Cryptozoologist Richard Freeman has suddenly launched himself on the world of weird fiction. Not only has he been able to showcase an extraordinary imagination he also been quite wonderfully prolific. Last year he published `Green, Unpleasant, Land', a collection of strange tales taking as their starting points the British countryside and its folklore, with knowing nods towards such masters of this genre as Arthur Machen and Algernon Blackwood. Now he has been inspired by his love of Japan and its own particularly peculiar legends.
``Hyakumonogatari' is the first in an ambitious series of volumes of short stories set in Japan and reflecting a Japanese tradition of storytelling in which 100 spooky yarns are told by a number of guests. The ritual is supposed to ultimately call up a ghost. This volume contains 25 stories and Freeman is intending to write the full 100 himself in three follow-ups over the next couple of years. Judging by this initial collection, there is little doubt he will succeed admirably.
Richard Freeman is an accepted British authority on the Yokai, the surreal menagerie of ghosts-cum-demons-cum-monsters that inhabit Japanese folklore. The Yokai have provided the author with splendid material for `Hyakumonogatari'. Here you will encounter a bewildering array of supernatural menaces, from demonic humanoids and bestial monsters through to polite little critters that will devour you as soon as bid you good day and cute little doggies that spell instant death should you so much as brush against them. Here too are such weirdies as animated metal skeletons, murderous strips of cloth and trees bearing fruit with the faces of men. Freeman's stories are set throughout the islands of Japan and in a number of different periods, from the times of the Shoguns through to the present day.

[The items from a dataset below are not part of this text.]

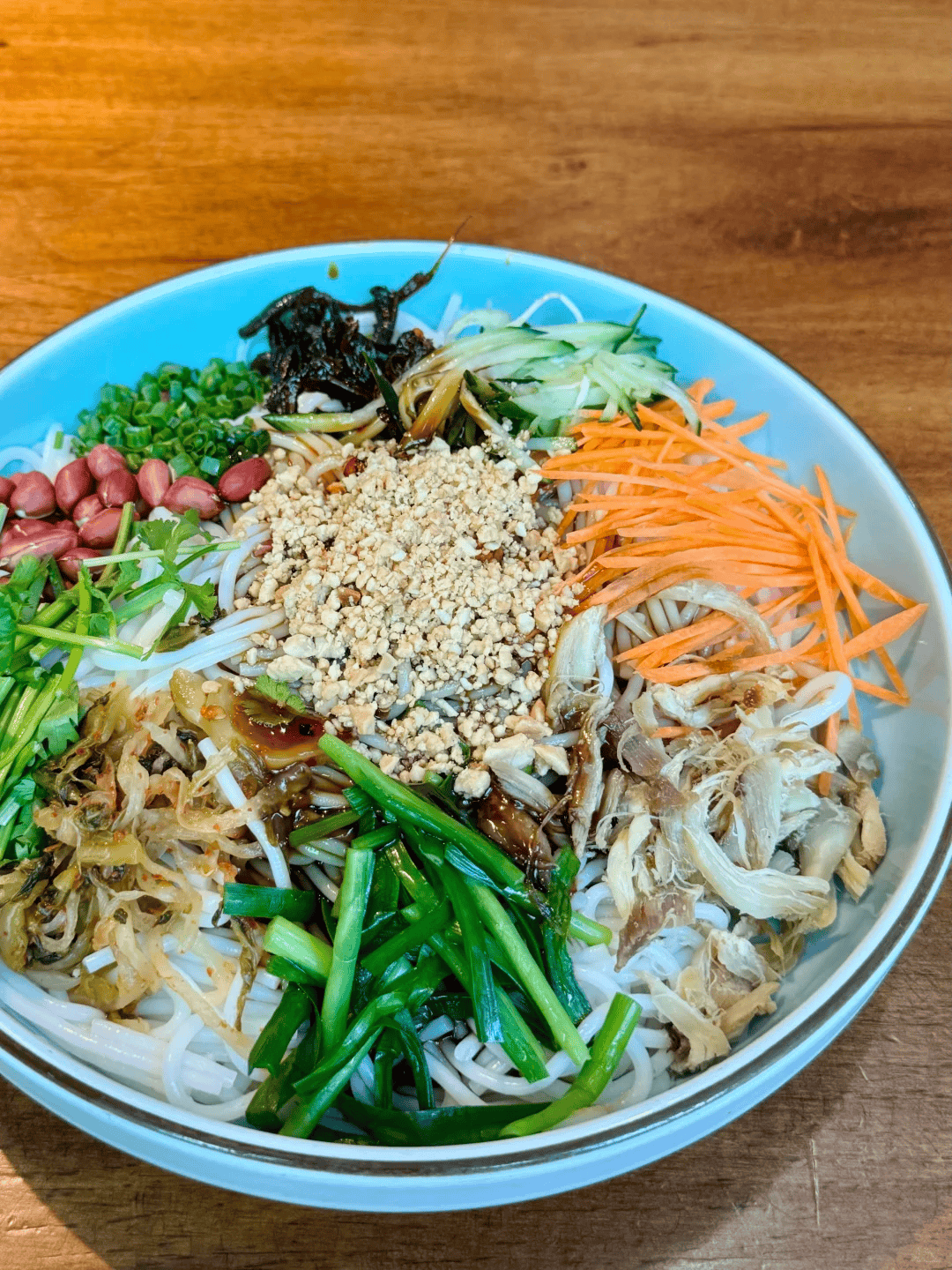 猪鸡丝香香的,根根分明,弹润润的米线是大口可吞的细腻顺滑,再加上花生碎浓郁的香味,开胃又一绝,光想想都忍不住咽口水。
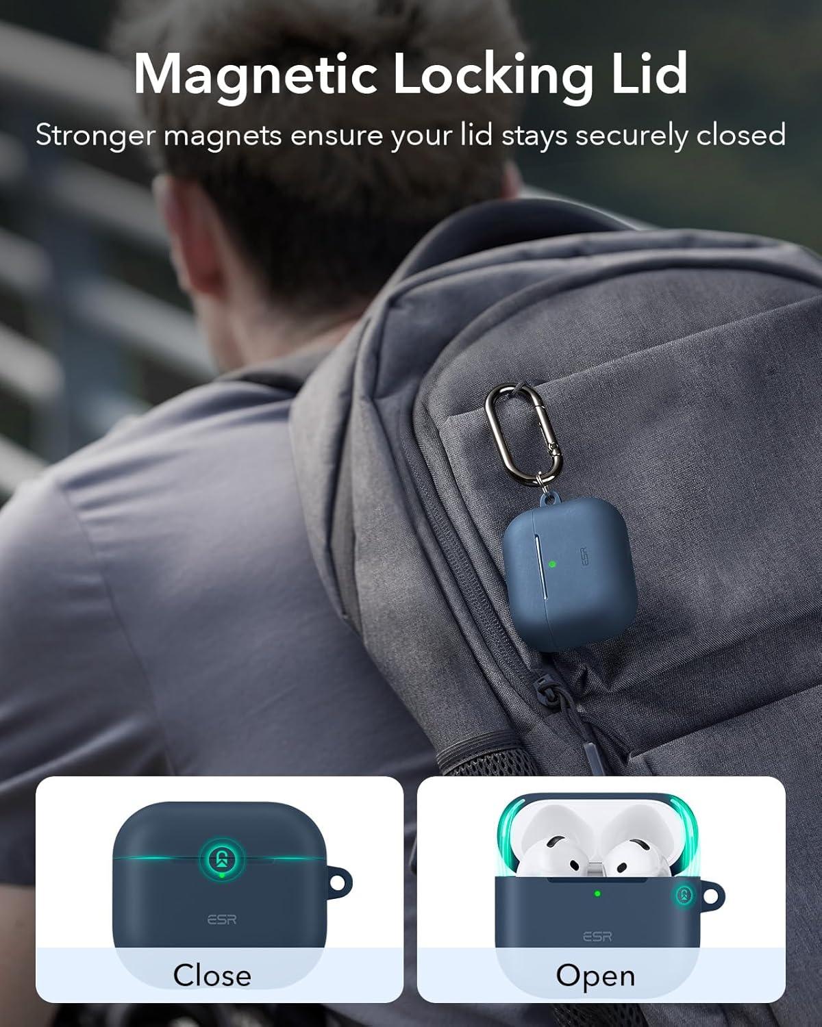 ESR for AirPods 4 Case (HaloLock), Compatible with AirPods 4th Generation Case (2024) (USB-C), Compatible with MagSafe, Full Drop Protection Cover with Carabiner, Magnetic Lid Lock, Black(Blue)
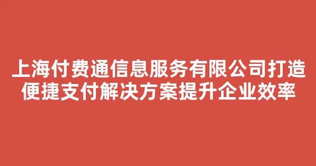 上海付费通信息服务有限公司致力于为企业提供便捷的支付解决方案,帮助企业提升效率。随着互联网技术的飞速发展,支付服务不仅仅局限于消费者购买产品的过程,企业在日常运营中的支付需求也变得越来越复杂。上海付费通信息服务有限公司通过创新的技术和完善的服务体系,能够为企业提供高效、安全、便捷的支付平台,帮助他们在激烈的市场竞争中占得先机。本文将全面介绍上海付费通如何通过其解决方案为企业提升效率,以及选择合适的支付平台的重要性。
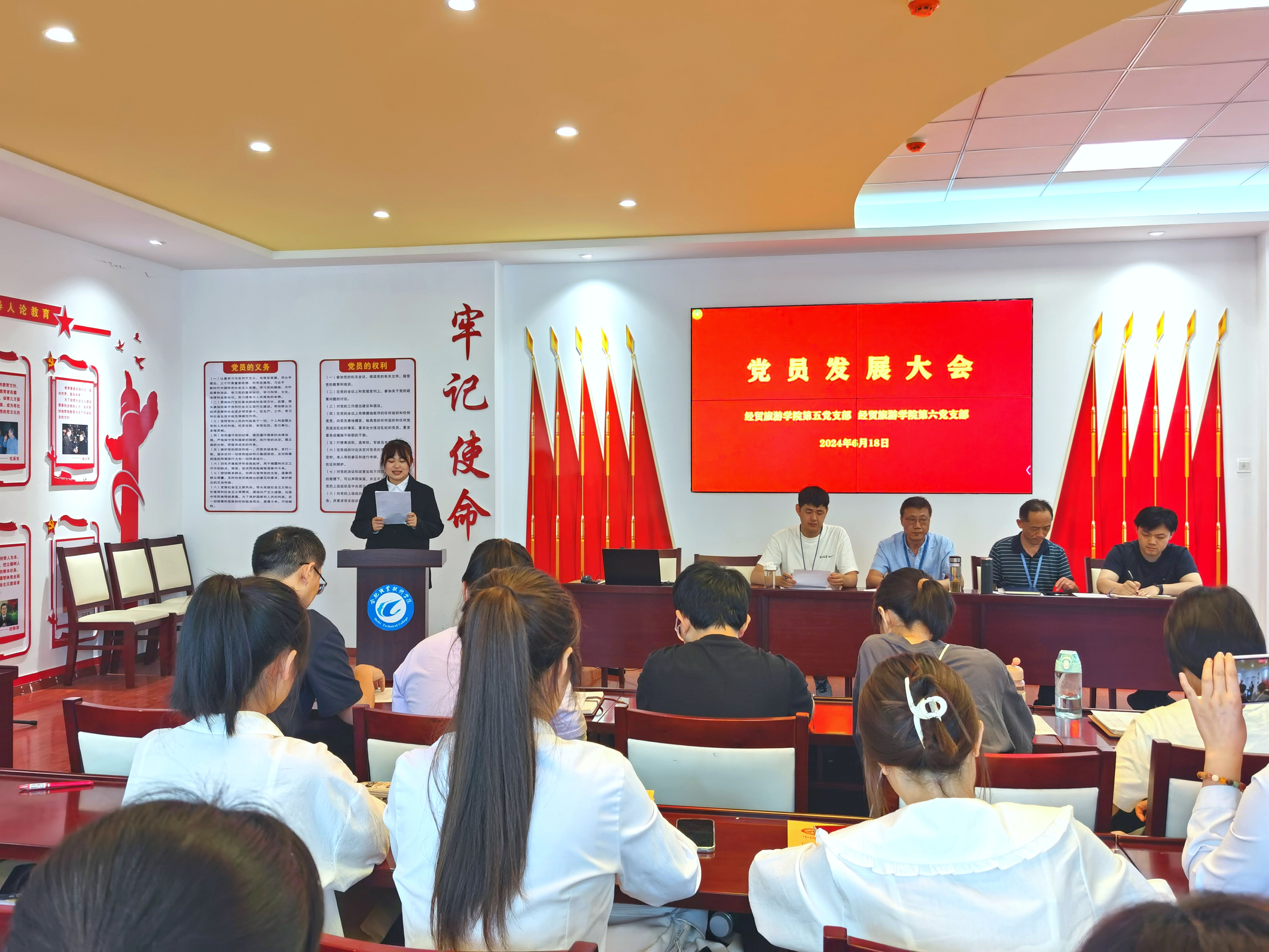 在会上,主持人报告了本次大会的到场情况,宣布了会议的主要议程和具体要求,23名发展对象依次宣读入党志愿书,并从个人情况、入党动机、对党的认识等方面进行了汇报,他们的入党介绍人针对其思想、学习、工作、生活等日常表现进行综合评价,指出了他们的优缺点,并对发展对象是否同意接收发表意见。第五党支部宣传委员董如恺、第六党支部组织委员刘晓璐分别向大会报告对发展对象的审议情况。与会党员对发展对象能否入党进行了充分的讨论。经无记名投票表决,一致同意接收闫雨牧等23名同志为中共预备党员。
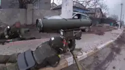 Soldier of the Ukrainian 3rd Tank Brigade showing a Mistral short range air defense system provided by France.
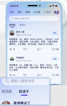 在卡圈兒,經常聽到卡車司機抱怨“活”難找,而車主們則頭疼找不到合適的司機。解放行的“找活”功能可以整合平臺優勢,為車主和司機搭建一個交流平臺,讓招聘與求職變得更加便捷、高效。
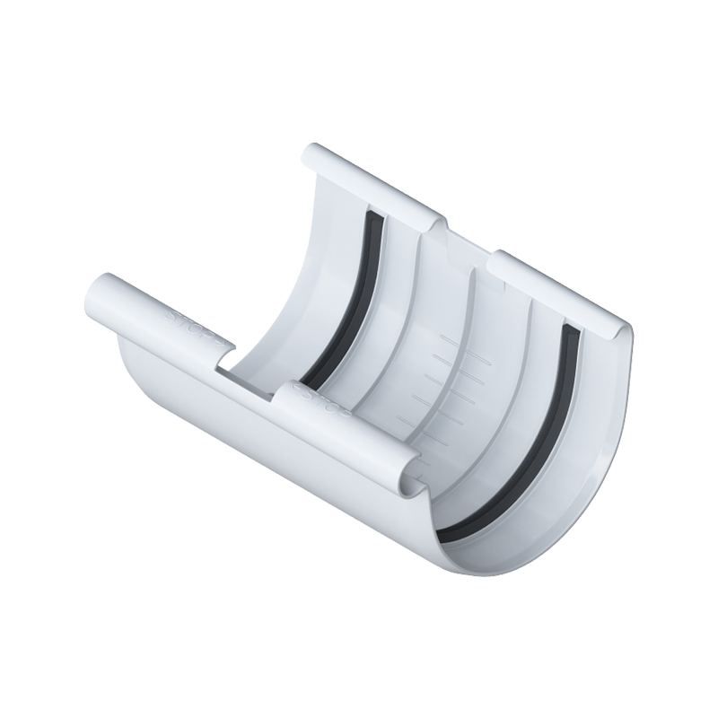 Соединитель желоба ПВХ D125 мм белый серии Элит от Альта-Профиль. Устанавливается в местах соединения водосточных желобов, герметизирует стыки и придает дополнительную прочность водостоку.
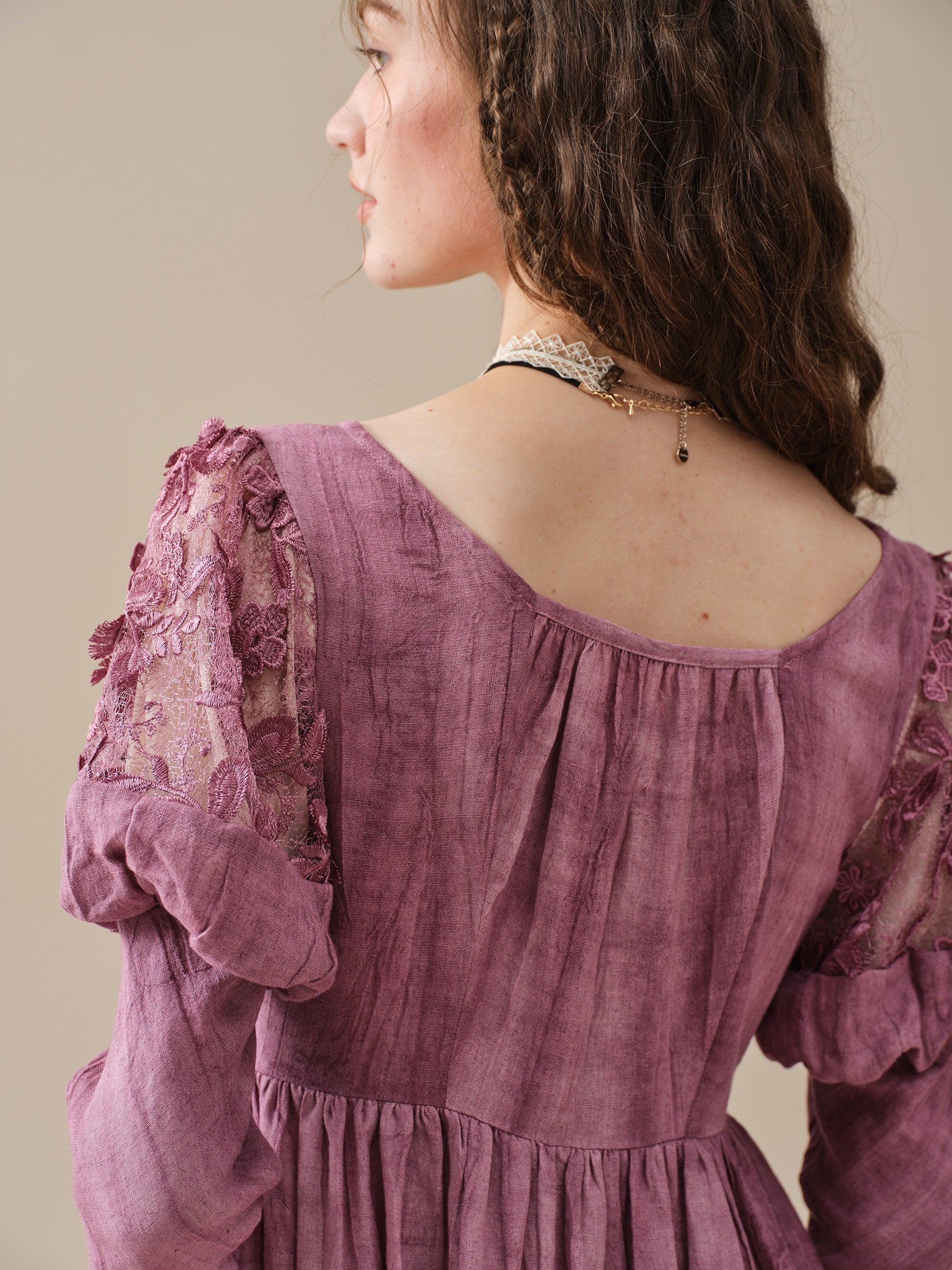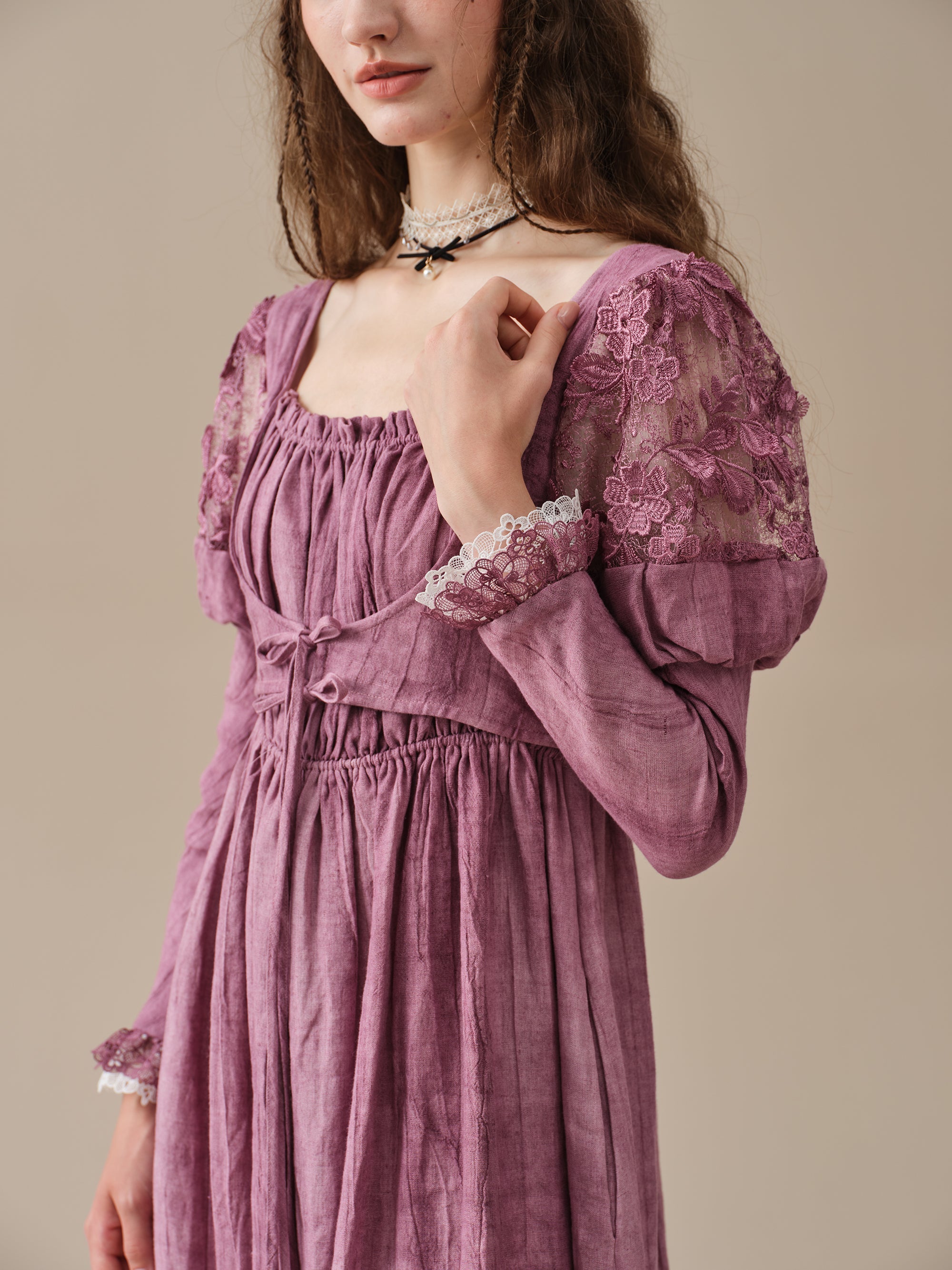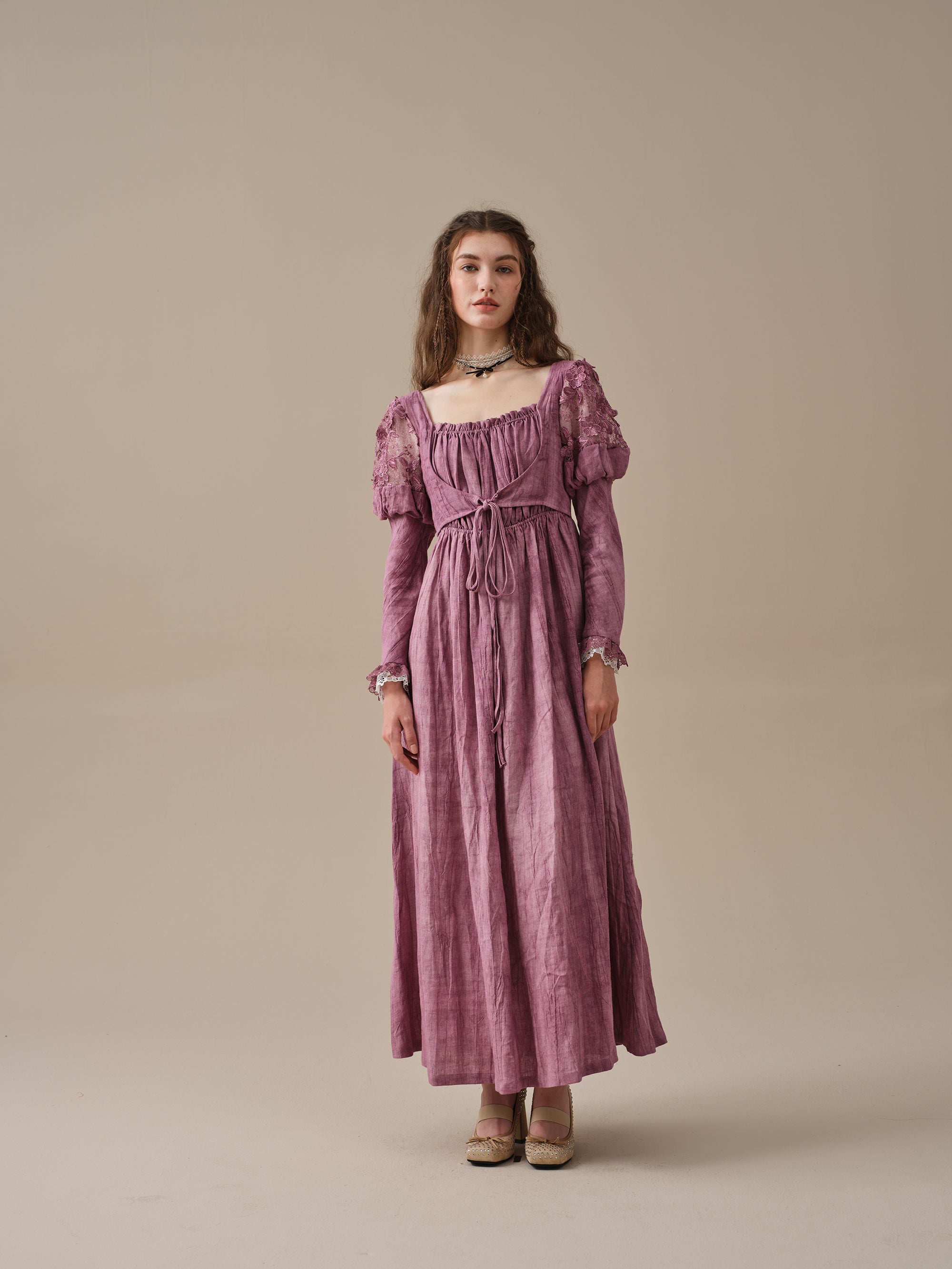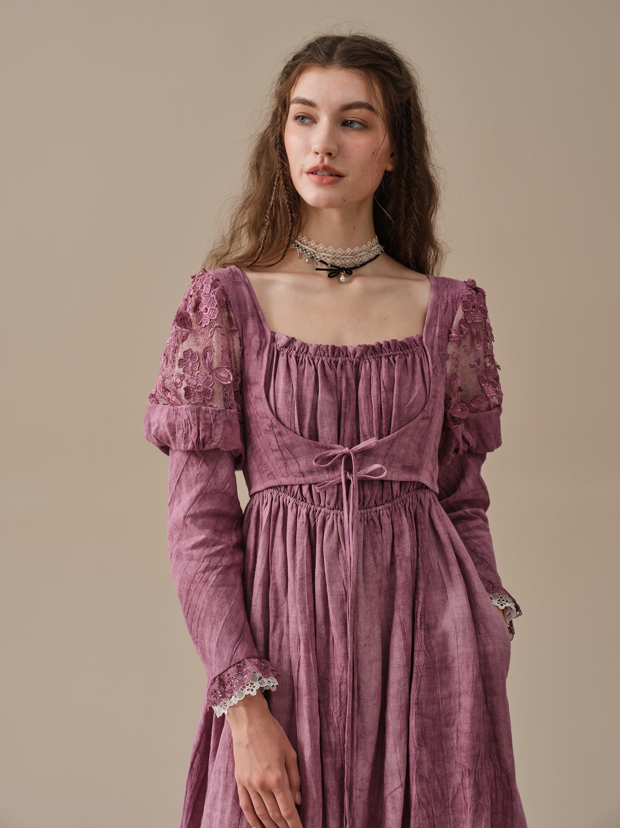 This dress is tie-dyed by hand so that each piece is truly unique, like a work of art. It's also pretty detailed - puffed sleeves with floral lace detailing are playful yet romantic, lace-up designs and layered silhouette ensure a perfect fit that will turn heads wherever you go .

The stories are straightforwardly told, almost journalistic in tone at times. This, plus Freeman's undeniable knowledge and love of Japan, lends an authenticity essential considering the grotesque and bizarre nature of his protagonists. The style works especially well in my favourite story, `Brother On The Hill', which tells of primitive hominids encroaching on the domain of humans in a remote mountain forest in Hokkaido. In `Brother On The Hill', Freeman's expertise as zoological director of the Centre for Fortean Zoology lends further authenticity to a tense and thoroughly believable narrative.
`Hyakumonogatari' is a startling collection of more than two-dozen stories ideal for horror fans who are jaded by the endless round of vampires and werewolves (and vampires who fight or fall in love with werewolves). Any one of these yarns would have graced the pages of the old `Weird Tales'. Bring on the next 75, I say!